▼
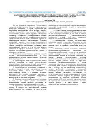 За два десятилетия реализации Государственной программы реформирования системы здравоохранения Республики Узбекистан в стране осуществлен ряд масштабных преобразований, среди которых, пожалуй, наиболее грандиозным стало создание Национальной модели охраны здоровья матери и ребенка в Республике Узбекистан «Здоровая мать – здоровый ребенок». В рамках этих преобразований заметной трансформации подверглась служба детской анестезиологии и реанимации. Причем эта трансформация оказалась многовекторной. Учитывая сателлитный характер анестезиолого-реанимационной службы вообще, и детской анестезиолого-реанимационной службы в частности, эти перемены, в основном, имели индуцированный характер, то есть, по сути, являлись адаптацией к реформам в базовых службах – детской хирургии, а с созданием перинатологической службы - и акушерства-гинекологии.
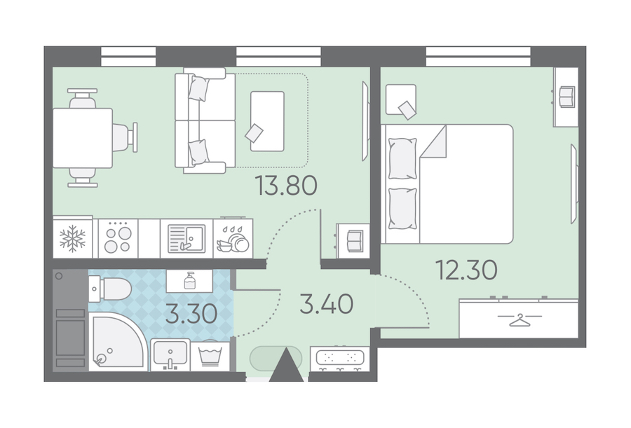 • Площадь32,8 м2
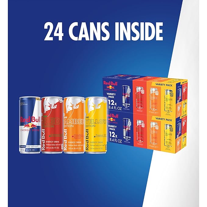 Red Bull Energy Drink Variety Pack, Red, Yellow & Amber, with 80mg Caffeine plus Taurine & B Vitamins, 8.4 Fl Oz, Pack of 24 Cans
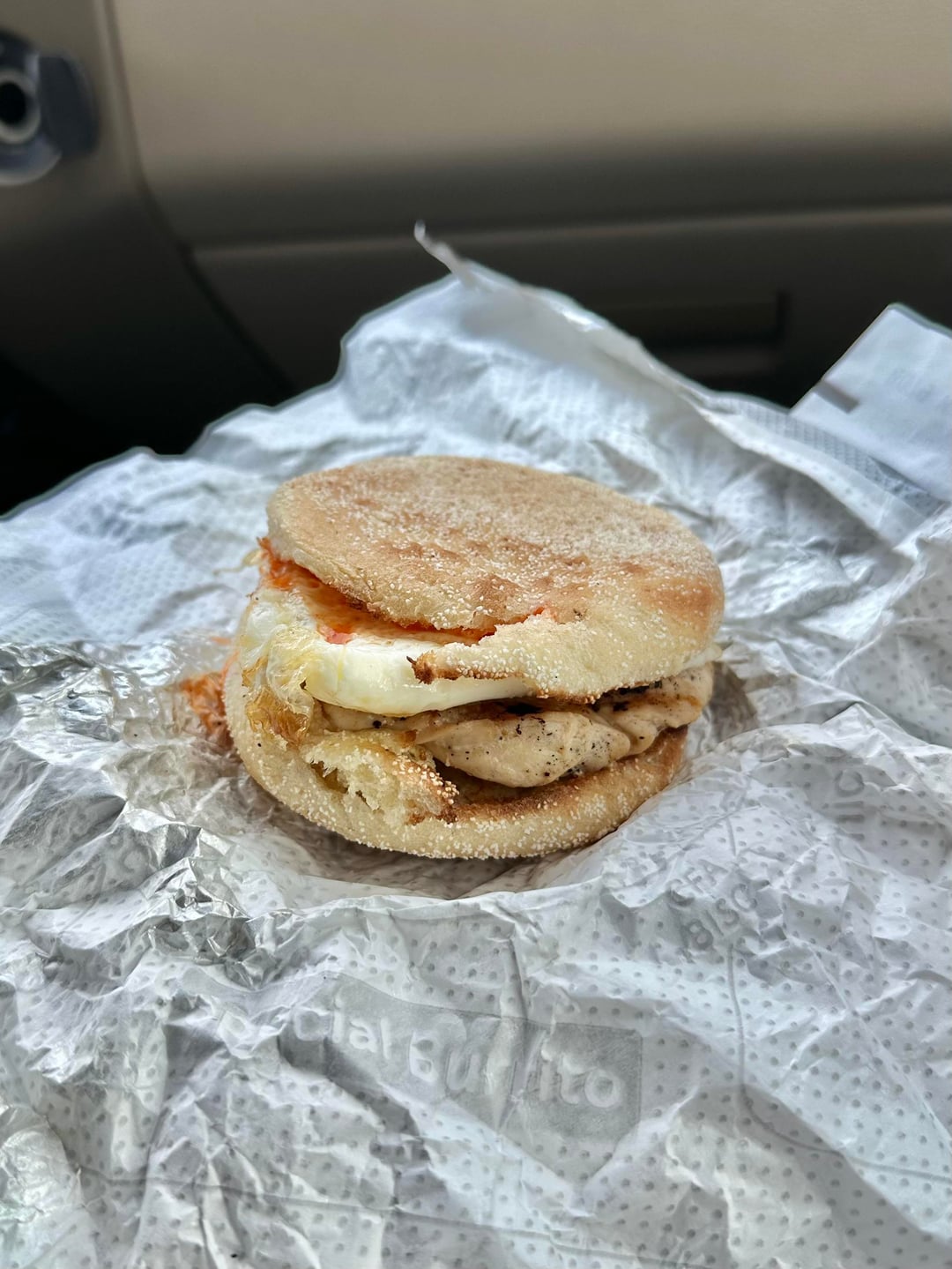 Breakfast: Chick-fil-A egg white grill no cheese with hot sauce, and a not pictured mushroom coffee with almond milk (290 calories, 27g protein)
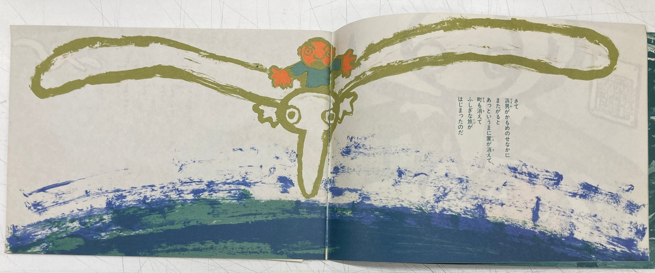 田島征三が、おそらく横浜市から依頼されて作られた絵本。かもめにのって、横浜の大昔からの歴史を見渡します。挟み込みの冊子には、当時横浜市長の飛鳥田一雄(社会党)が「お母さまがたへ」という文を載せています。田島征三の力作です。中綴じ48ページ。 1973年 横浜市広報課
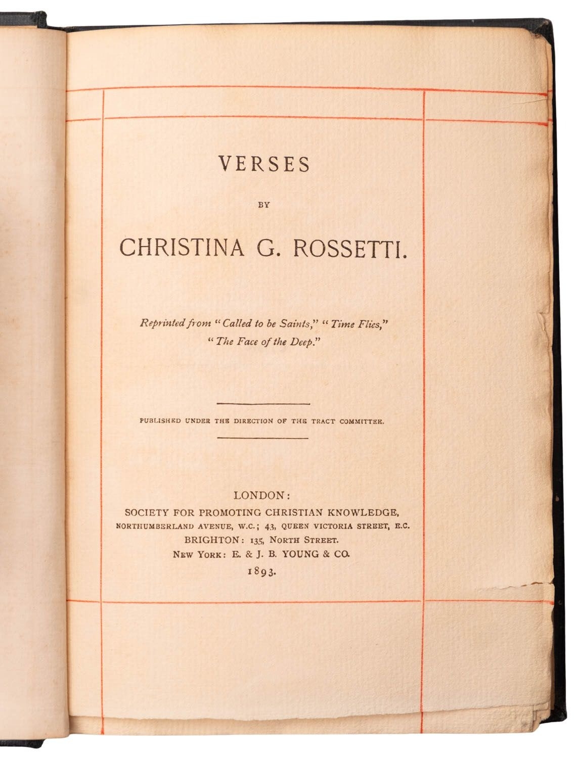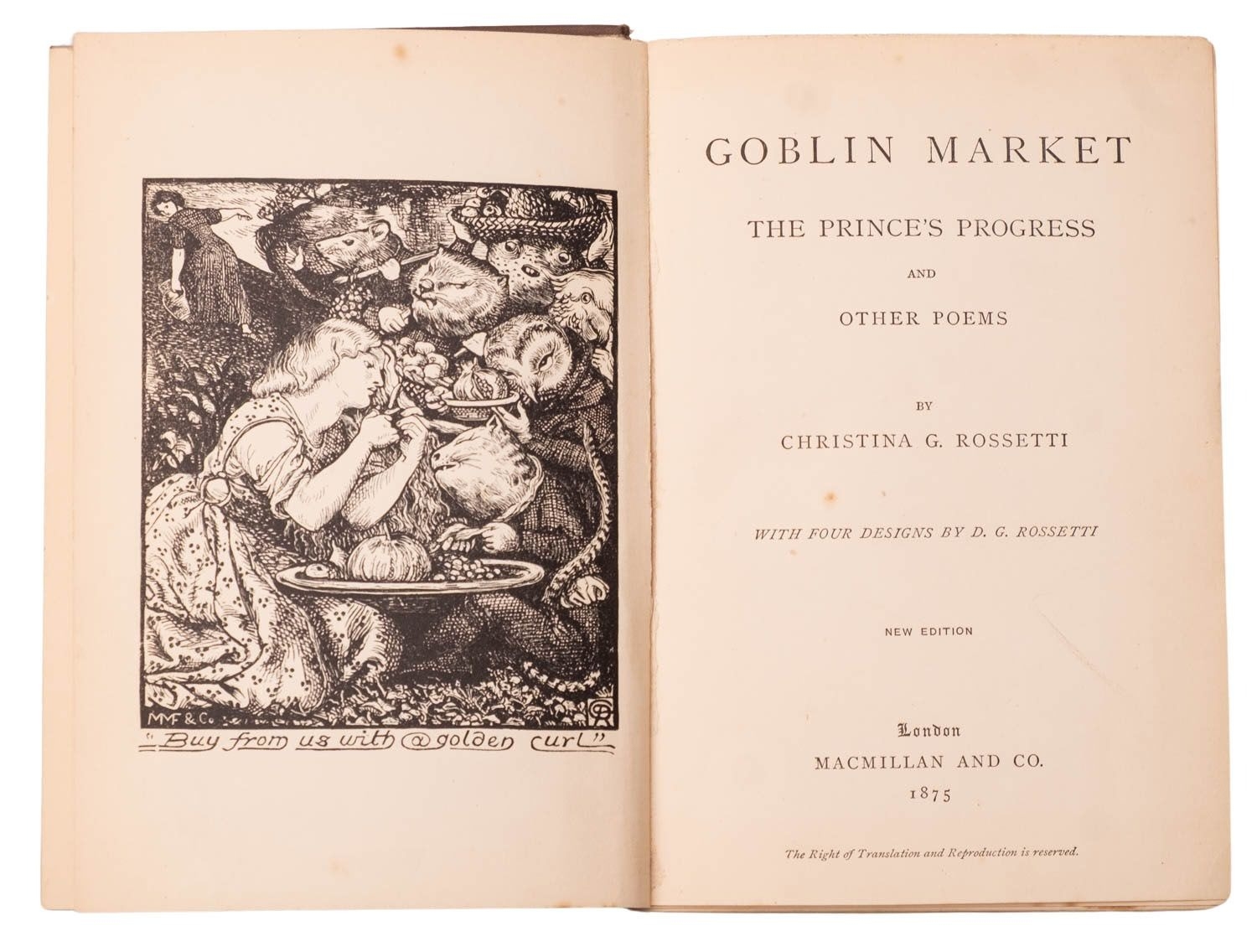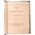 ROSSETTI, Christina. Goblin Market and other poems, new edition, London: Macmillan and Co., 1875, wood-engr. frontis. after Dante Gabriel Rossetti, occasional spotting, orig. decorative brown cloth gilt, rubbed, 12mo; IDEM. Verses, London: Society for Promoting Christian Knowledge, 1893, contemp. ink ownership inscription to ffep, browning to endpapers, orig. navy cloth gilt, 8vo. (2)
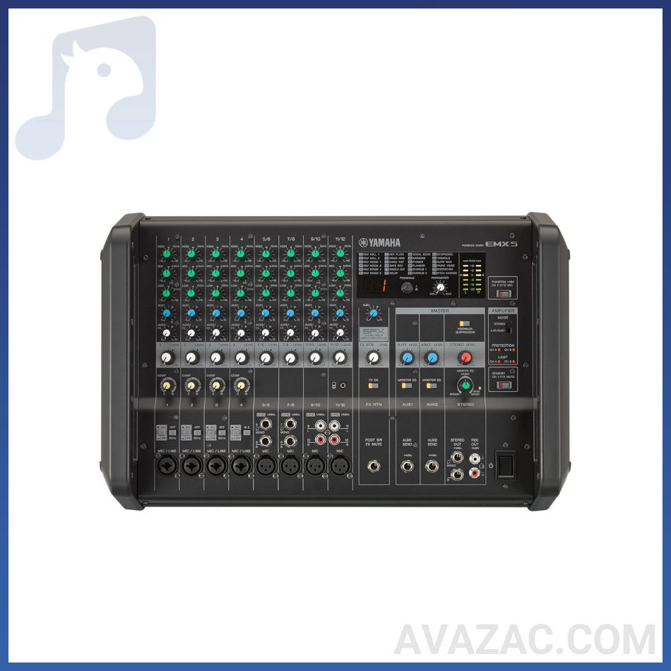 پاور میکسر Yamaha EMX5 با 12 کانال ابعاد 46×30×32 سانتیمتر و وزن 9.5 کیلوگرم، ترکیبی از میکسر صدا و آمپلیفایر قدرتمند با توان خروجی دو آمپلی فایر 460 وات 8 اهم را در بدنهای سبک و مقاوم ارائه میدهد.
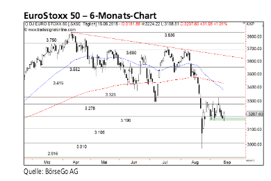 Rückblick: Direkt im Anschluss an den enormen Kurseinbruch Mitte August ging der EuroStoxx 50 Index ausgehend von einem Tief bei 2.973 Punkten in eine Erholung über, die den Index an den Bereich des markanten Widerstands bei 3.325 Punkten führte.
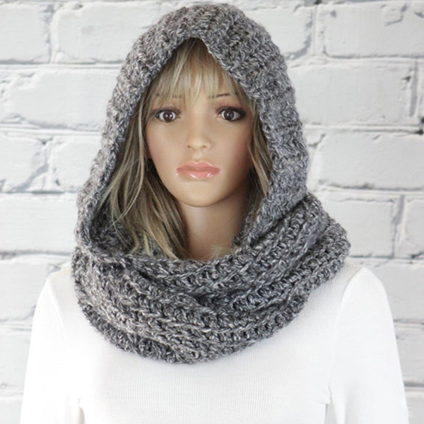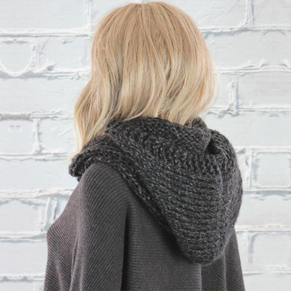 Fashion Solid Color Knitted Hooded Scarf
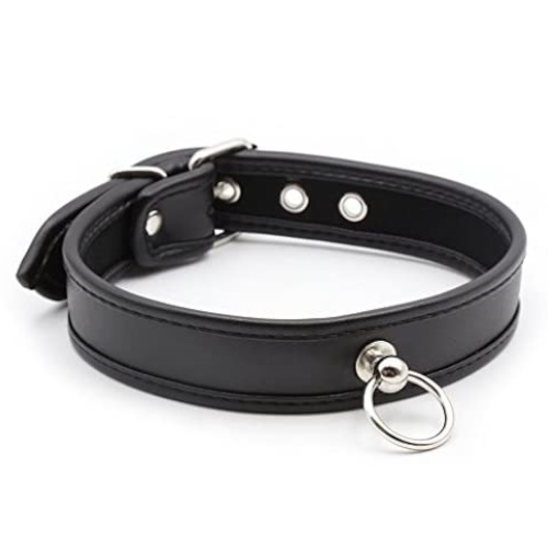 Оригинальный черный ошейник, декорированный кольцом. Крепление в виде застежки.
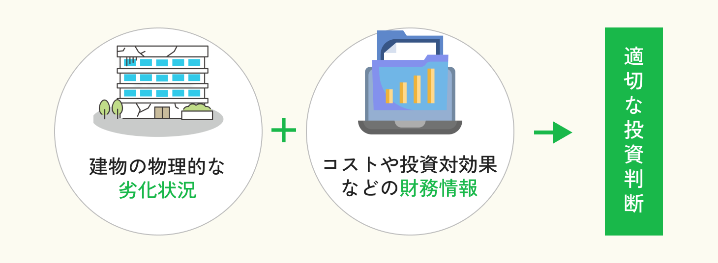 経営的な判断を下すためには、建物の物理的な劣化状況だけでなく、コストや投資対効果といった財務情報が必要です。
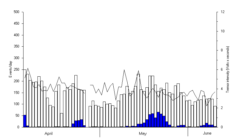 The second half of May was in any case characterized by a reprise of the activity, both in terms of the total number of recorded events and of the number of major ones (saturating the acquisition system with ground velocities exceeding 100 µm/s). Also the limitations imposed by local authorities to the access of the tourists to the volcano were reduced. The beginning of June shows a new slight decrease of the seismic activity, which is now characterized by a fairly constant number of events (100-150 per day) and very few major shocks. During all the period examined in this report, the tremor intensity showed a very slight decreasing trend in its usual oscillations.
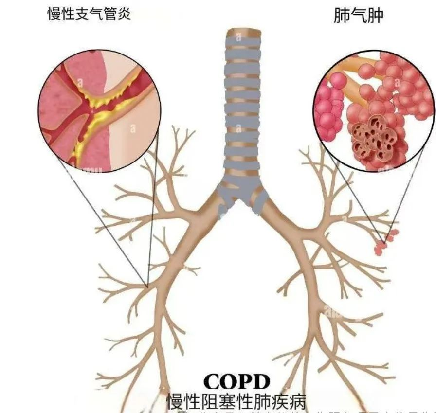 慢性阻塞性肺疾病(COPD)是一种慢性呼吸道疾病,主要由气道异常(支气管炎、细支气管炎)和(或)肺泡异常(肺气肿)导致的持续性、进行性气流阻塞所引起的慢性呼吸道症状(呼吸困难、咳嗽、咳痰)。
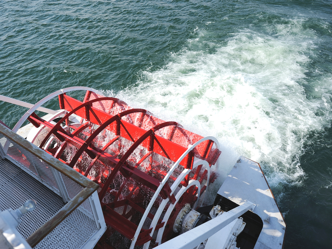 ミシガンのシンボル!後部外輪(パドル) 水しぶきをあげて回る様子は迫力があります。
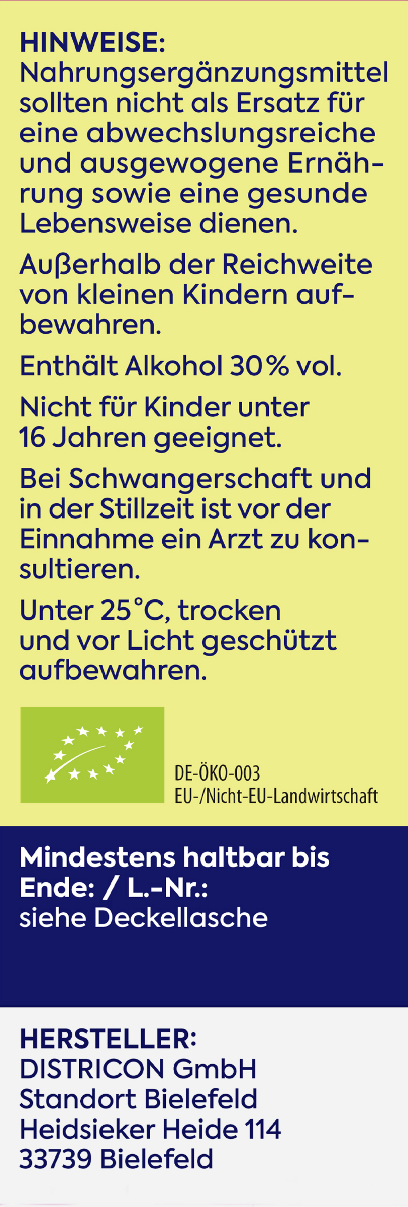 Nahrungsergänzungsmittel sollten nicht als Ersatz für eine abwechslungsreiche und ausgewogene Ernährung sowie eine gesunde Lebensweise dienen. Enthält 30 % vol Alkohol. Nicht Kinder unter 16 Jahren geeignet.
▲
What this task involves => Look above for the line with "Оригинальный черный ошейник, декорированный" and the line with "The second half". Give again exactly those two lines and all lines between them, pictures excluded.

Answer for this exercise =>
 Оригинальный черный ошейник, декорированный кольцом. Крепление в виде застежки.
 経営的な判断を下すためには、建物の物理的な劣化状況だけでなく、コストや投資対効果といった財務情報が必要です。
 The second half of May was in any case characterized by a reprise of the activity, both in terms of the total number of recorded events and of the number of major ones (saturating the acquisition system with ground velocities exceeding 100 µm/s). Also the limitations imposed by local authorities to the access of the tourists to the volcano were reduced. The beginning of June shows a new slight decrease of the seismic activity, which is now characterized by a fairly constant number of events (100-150 per day) and very few major shocks. During all the period examined in this report, the tremor intensity showed a very slight decreasing trend in its usual oscillations.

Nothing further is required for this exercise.